| TASK DIRECTIONS |
Repeat the data in full and exactly. Leave the pictures out.

Data extracted from a collection
>>>

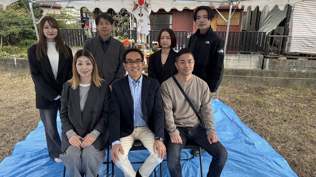 秋晴れの気持ちいいお天気の中、スタッフみんなで工事の安全と完成を祈願。
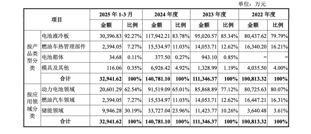 招股书显示,纳百川专注从事新能源汽车动力电池热管理、燃油汽车动力系统热管理及储能电池热管理相关产品的研发、生产和销售,主要产品包括电池液冷板、电池集成箱体、燃油汽车发动机散热器、加热器暖风等。
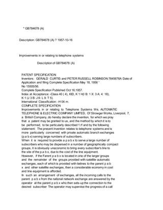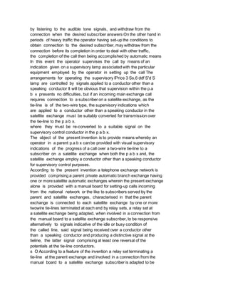 This document describes improvements to telephone systems, specifically regarding private automatic branch exchanges (PABX) serving large numbers of subscribers across multiple locations. It details a system with a parent PABX connected via two-wire tie-lines to satellite automatic exchanges. The parent PABX operator can set up calls to subscribers on satellite exchanges and receive visual supervisory indications of call progress over the tie-lines. This is achieved through signals sent on a non-speaking conductor and distinctive signals involving potential reversals at the tie-line conductors.
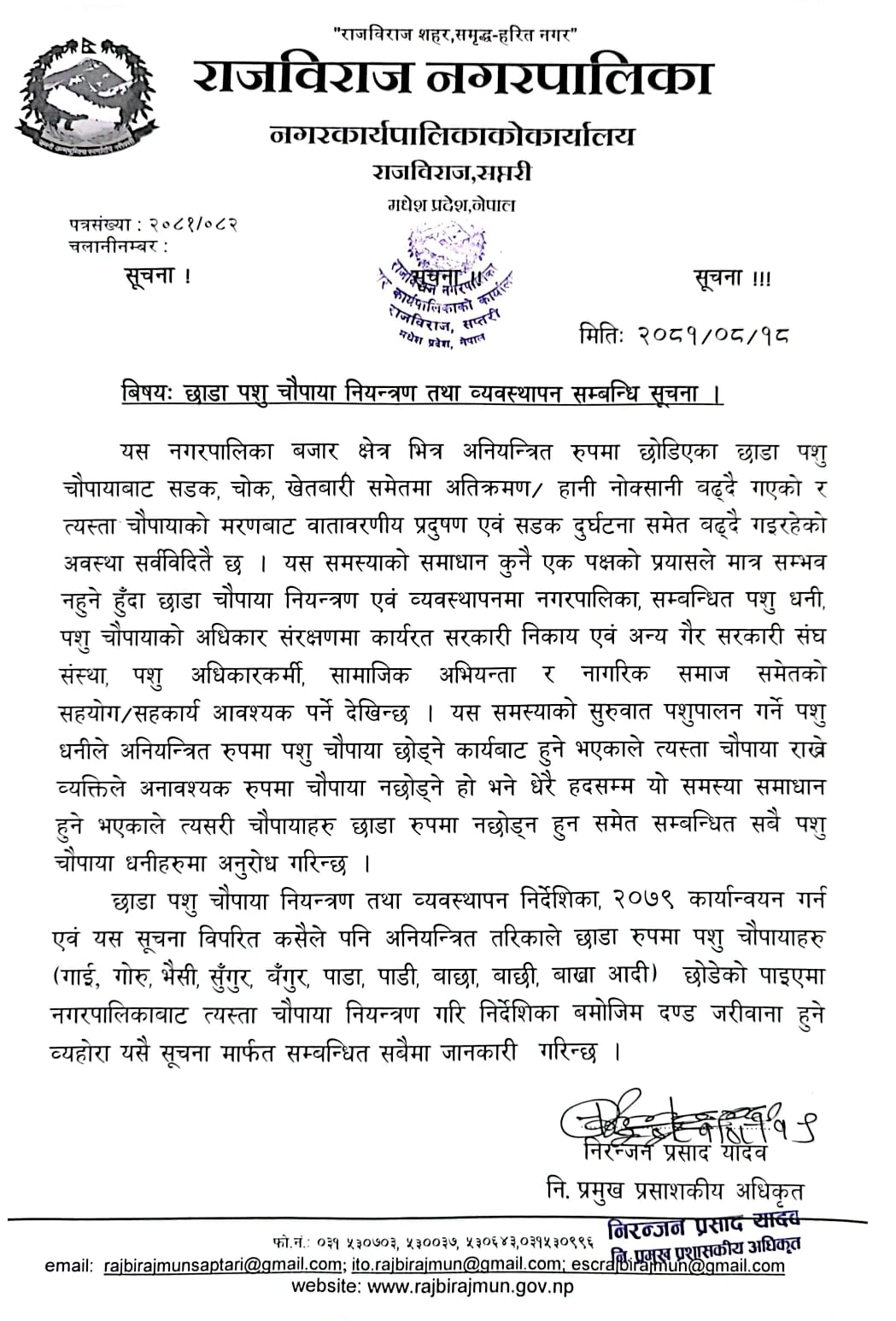 » छाडा पशु चौपाया नियन्त्रण तथा व्यवस्थापन सम्बन्धि सूचना ।
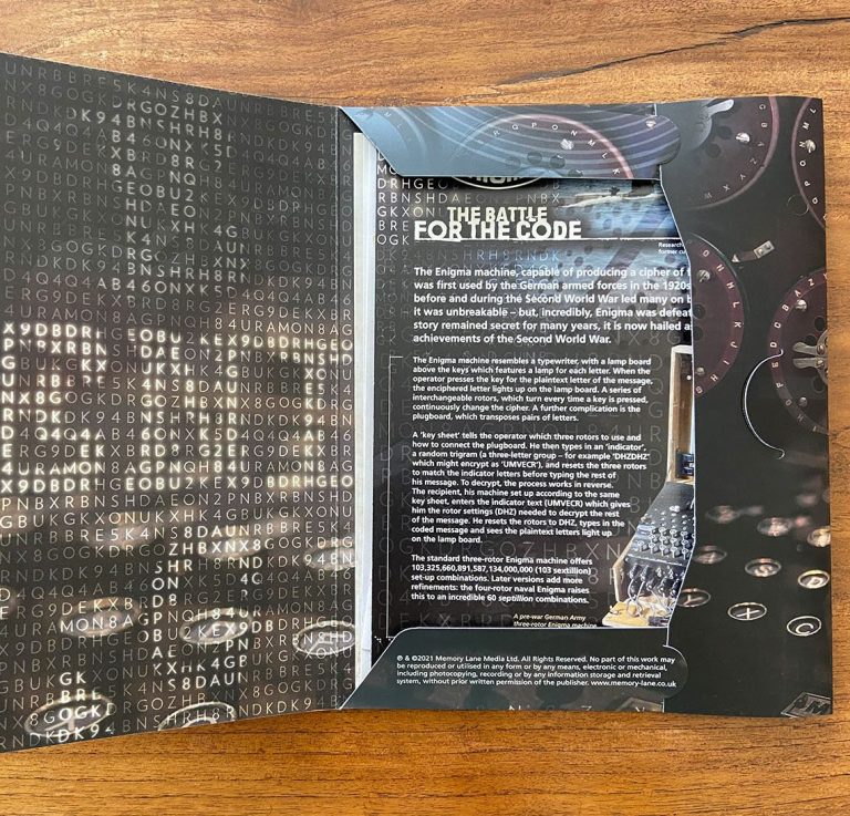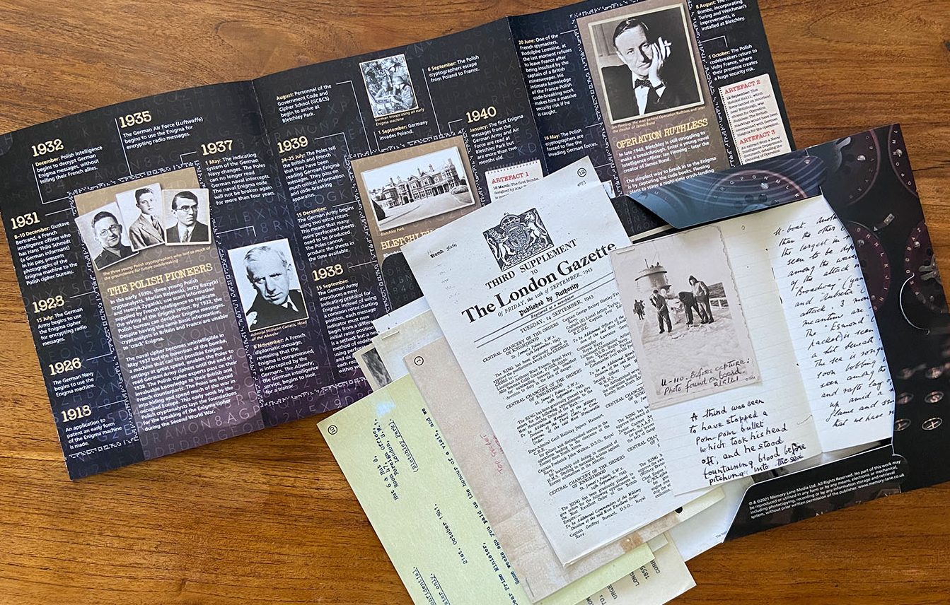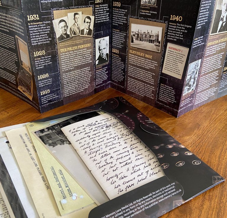 Enigma – The Battle for the Code is an original pack devised and produced by Memory Lane. The pack contains authentic reproductions of top secret letters, telegrams, reports and photographs, together with an exclusive timeline document charting the events of one of the most extraordinary feats of the Second World War.
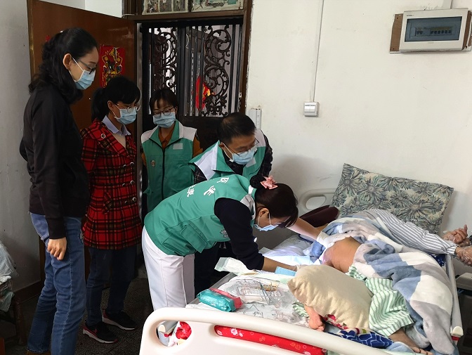 社管中心基本医疗管理科工作人员,随同中大八院家庭病床巡查服务队医护人员,一起来到了福南社区叶秀芳老人家中,现场跟进中大八院家庭病床巡查服务队的工作流程,获取详实的工作资料。

<<<

| ANSWER BOX |
 秋晴れの気持ちいいお天気の中、スタッフみんなで工事の安全と完成を祈願。
 招股书显示,纳百川专注从事新能源汽车动力电池热管理、燃油汽车动力系统热管理及储能电池热管理相关产品的研发、生产和销售,主要产品包括电池液冷板、电池集成箱体、燃油汽车发动机散热器、加热器暖风等。
 This document describes improvements to telephone systems, specifically regarding private automatic branch exchanges (PABX) serving large numbers of subscribers across multiple locations. It details a system with a parent PABX connected via two-wire tie-lines to satellite automatic exchanges. The parent PABX operator can set up calls to subscribers on satellite exchanges and receive visual supervisory indications of call progress over the tie-lines. This is achieved through signals sent on a non-speaking conductor and distinctive signals involving potential reversals at the tie-line conductors.
 » छाडा पशु चौपाया नियन्त्रण तथा व्यवस्थापन सम्बन्धि सूचना ।
 Enigma – The Battle for the Code is an original pack devised and produced by Memory Lane. The pack contains authentic reproductions of top secret letters, telegrams, reports and photographs, together with an exclusive timeline document charting the events of one of the most extraordinary feats of the Second World War.
 社管中心基本医疗管理科工作人员,随同中大八院家庭病床巡查服务队医护人员,一起来到了福南社区叶秀芳老人家中,现场跟进中大八院家庭病床巡查服务队的工作流程,获取详实的工作资料。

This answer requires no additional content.